The two men scarce knew what to say; they had seen beauty and value disappear before their own eyes, they had seen the incorruptible crumble to dust in their hands. They began to realise that someone, or something, had used their own greed to trick them to their doom.  They began to realise that the light around them had grown brighter, that the door through which they had come was closed to them but that another door, not noticed before, in the opposite wall appeared through its cracks to be lit from behind by a clear blue light; the same light which gave an eerie glow to the mist that was now creeping under it.   They could hear too.  They could hear a sound they were familiar with.  It was the sound of shuffling feet and the odd soft clink of a piece of armour, it was the sound of soldiers drearily marching; marching slowly towards the door.  They  froze in terror. They had fought living men in living battles, that much they could do.  But if these men were who they now, and suddenly, feared them to be; how could they fight the dead!   Then despair overwhelmed them.  Faintly at first, then more clearly, they could hear hollow, melancholy voices chanting. “Our duty is relieved.  Our duty is relieved!”.

The troopers in the oak room were suddenly awakened by the sound of terrified screams.  Screams so loud and terrible it might be doubted they were human.  Grabbing their weapons and dismissing their fear, they rushed dizzily upwards towards the awful sound, calling in vain for their comrades.  They reached the garret room; silence.  The door, once again, was open and on the other side was yet another open door.  They drew their pistols, and followed the way their comrades must have gone.  As they went inside, the door behind them closed.
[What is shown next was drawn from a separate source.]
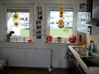 In einem sehr gepflegten 6-Familienhaus erwartet Sie dieses wahre „Schmuckkästchen“. Das Objekt liegt im Dachgeschoss, hat aber kaum Schrägen und teilt sich wie folgt auf: – Wohn-/Essbereich – Schlafzimmer – Kinder-/Arbeitszimmer – Küche mit Schiebetür – Diele – Abstellraum – befenstertes Gäste-WC – Tageslichtbad mit Wanne und Dusche Es erwartet Sie insgesamt eine exklusive Innenausstattung. Alle Räume verfügen über Roll-Läden. Im Dielen- und Wohn-/Essbereich sowie im Bad sind Halogenbeleuchtungen installiert. Der Wohn-/Essbereich ist mit edlem Parkettboden ausgestattet. Das Schlaf- und das Kinder-/Arbeitszimmer sind mit Laminat ausgelegt. Die Bäder, Küche und Diele präsentieren sich mit hochwertigen Granitböden. Die vorhandene Einbauküche (3 Jahre alt, Farbe: Rot/Hochglanz) mit E-Geräten, Herd (Ceranfeld), Kühl-Gefrierkombi und Spülmaschine kann kostenpflichtig übernommen werden. Weiteres ist im Konkretfall mit dem jetzigen Bewohner zu besprechen. Zum Entspannen ist der Balkon (mit Markise) optimal. Hier können Sie ganz unbedarft relaxen. Genießen Sie außerdem den tollen Ausblick über Menden. Das zum Haus gehörende Gartengrundstück steht allen Bewohnern zur Verfügung. Auch Sie dürfen diesen selbstverständlich mitbenutzen. Ein eigener Kellerraum wird Ihnen ebenfalls zur Verfügung gestellt. Im Hause existieren zudem ein gemeinschaftlicher Waschbereich, zwei Trockenkellerräume sowie ein Fahrradkeller. Alle Wohnungen sind jeweils etagenversetzt gebaut, so dass man nie mit seinem Nachbarn auf einer Etage ist. Diese Wohnung ist die höchste, daher auch die ruhigste und bietet de facto die beste Aussicht. Der TV-Empfang erfolgt über einen Kabelanschluss. Der zur Wohnung gehörende PKW-Außenstellplatz befindet sich direkt am Haus und ist im angegebenen Mietpreis bereits berücksichtigt. Haustiere (Hund/Katze) sind nicht erlaubt. Für die Reinigung des Treppenhauses sowie die Pflege der Außenanlagen ist ein Mitbewohner des Hauses zuständig. Diese Arbeiten werden dann über die Nebenkostenabrechnung umgelegt. Lage: – Zentrale und ruhige Lage – Diverse Einkaufsmöglichkeiten, Ärzte, Apotheken, Schulen oder Kindergärten sind von hier aus schnell zu erreichen – Die Anbindung an die Autobahn ist gut Unser Fazit: Diese Wohnung ist sowohl für ein kinderloses Paar mit separatem Bürowunsch als auch für die dreiköpfige Familie bestens geeignet. Eine Anmietung der Räume ist ab dem 01.01.2011 möglich. Haben wir Ihr Interesse geweckt? Dann starten Sie noch gleich Ihre persönliche Online-Anfrage. Sie erhalten hiernach umgehend weitere Informationen von uns.

Outside, the mist began to lose it’s flicker of blue light and to fall from the walls of the house.  The larger part of it seemed to begin drifting back thickly again towards the common, but it quickly began to disperse, disappeared and never returned there.  The rest seemed quietly to sink into the ground around the hall, sinking into the very foundations of Carbrook itself.

No one seemed to notice the disappearance of corporal Tyler and his troopers.  They were, after all, just six out of thousands and hundreds of men were never seen again in that war.  But nobody can account for the fact that on many occasions since then, six troopers are said to have been seen galloping silently out of Carbrook and round and round the hall, surrounded by a blue mist. 

They have been seen outside in mid air, still walking it seems in parts of the hall long since gone. Perhaps still climbing those stairs to that dreadful room from which none returned. They have been seen in the oak room through the window, eating and drinking.  Always from the late hours of the night, until the early hours of the morning.  Six forgotten souls from a long forgotten war, waiting it seems.  But for what ?  Perhaps for someone foolish enough and greedy enough to replace them, just as they replaced Daniel Dunne, and his ‘ghostly company’.